Cassandar Peterson, aka. Elvira. Underneath that black wig lies a real redhead! Still lovely au natural. I'd like to get my picture taken like that as well. Lucky dog Frank. Oh, and a question for you Frank, where and when was the picture taken?

Why would they be in a picture? Because you and Cassandra were at some horror show together and what better excuse to get a picture of yourself with a gorgeous redhead! As I said above, I would love to get my picture with her too.

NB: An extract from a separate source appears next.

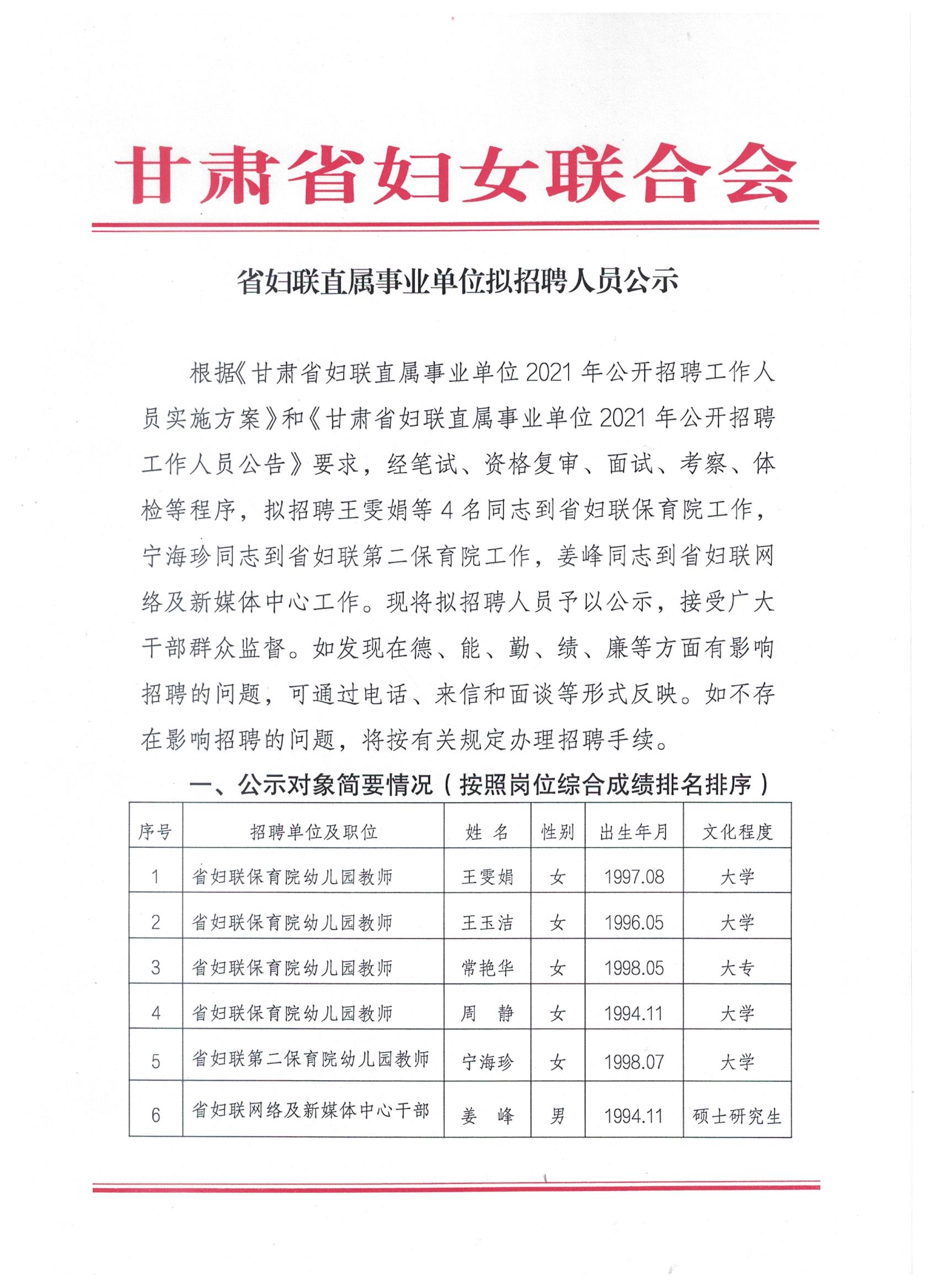 省妇联直属事业单位拟招聘人员公示

Oh, are you going to rerelease that model of Elvira's Macabre Mobile T-Bird?


----------



## WmTodd (Feb 11, 2010)

rkoenn said:


> Cassandar Peterson, aka. Elvira. Underneath that black wig lies a real redhead! Still lovely au natural. I'd like to get my picture taken like that as well. Lucky dog Frank.


Really?! Awesome.

I also remember her as the biker chick in Pee Wee's Big Adventure...the scene in the biker bar where he's in trouble for knocking over their Harleys domino-style, and she grabs him and says..."I say you let ME have him FIRST!" :lol:

(OH... she did audition for the role of Ginger in a Gilligan tv-movie in 1981, but was then offered the part of Elvira on Channel 9)


----------



## MonsterModelMan (Dec 20, 2000)

Cool! We are getting a kit of Frank!

MMM


----------



## Kit (Jul 9, 2009)

It was going to be Frank, but DC wouldn't approve the artwork or any pose except him taking a nap. So we'll have to be happy with Elvira -- except for legal reasons, it will be called Funny Sexy Ghoul Lady.


----------



## geoffdude (Mar 31, 2009)

Cute, what a hottie...


and so is the gal on the right.


----------



## kdaracal (Jan 24, 2009)

I like Frank, and all, but a kit of him? ----- BTW- beautiful woman--Elvira?


----------



## Auroranut (Jan 12, 2008)

Nice homework Frank!:thumbsup:
I hope you get a good grade....

Chris.


----------



## spindrift (Apr 16, 2005)

ELVIRA kit is coming from Moebius!!!!! That's my guess!
Gary:wave:


----------



## Magesblood (May 12, 2008)

[edited] Language


----------



## Moonman27 (Aug 26, 2008)

Cassandra Peterson! What a woman! You lucky son of a gun! I'de love to see a kit of her.Maybe ask Mike Cusanelli from Solarwind to do the sculpt,he's great with female anatomy. Just a thought. She is one of the sexiest women I ever laid eyes on. :thumbsup:


----------



## Kitzillastein58 (Jan 27, 2009)

Got to go along with the Cassandra Peterson (hubba hubba)/Elvira suggestion. Looks like a whole new category for styrene kits, "Hot Babe's"! :thumbsup:
God Bless you Frank! 

Kitz' :wave:


----------



## mcdougall (Oct 28, 2007)

Yep...Frank and Cassandar Peterson...and that can only mean one thing...
Cecil the Sea Sick Sea Serpent is about to be released :tongue: :thumbsup:
...( that or an Elvira kit)
Mcdee:wave:


----------



## g_xii (Mar 20, 2002)

Let's keep this clean, folks!

--Henry


----------



## Tonyray (Jul 31, 2009)

I want one. :thumbsup: How about a limited issue model that's autographed oh yes a Cecil too.:wave:


----------



## Auroranut (Jan 12, 2008)

mcdougall said:


> Yep...Frank and Cassandar Peterson...and that can only mean one thing...
> Cecil the Sea Sick Sea Serpent is about to be released :tongue: :thumbsup:
> ...( that or an Elvira kit)
> Mcdee:wave:


COOL!!!Finally I get my Cecil kit.....:woohoo:

Chris.


----------



## HabuHunter32 (Aug 22, 2009)

Ah..yes! Elvira's in our future! Exellent:thumbsup: There's only one problem. If Mike from Solarwind does the sculpt my wife may not let be build it! Lol! He would by my first choice as well!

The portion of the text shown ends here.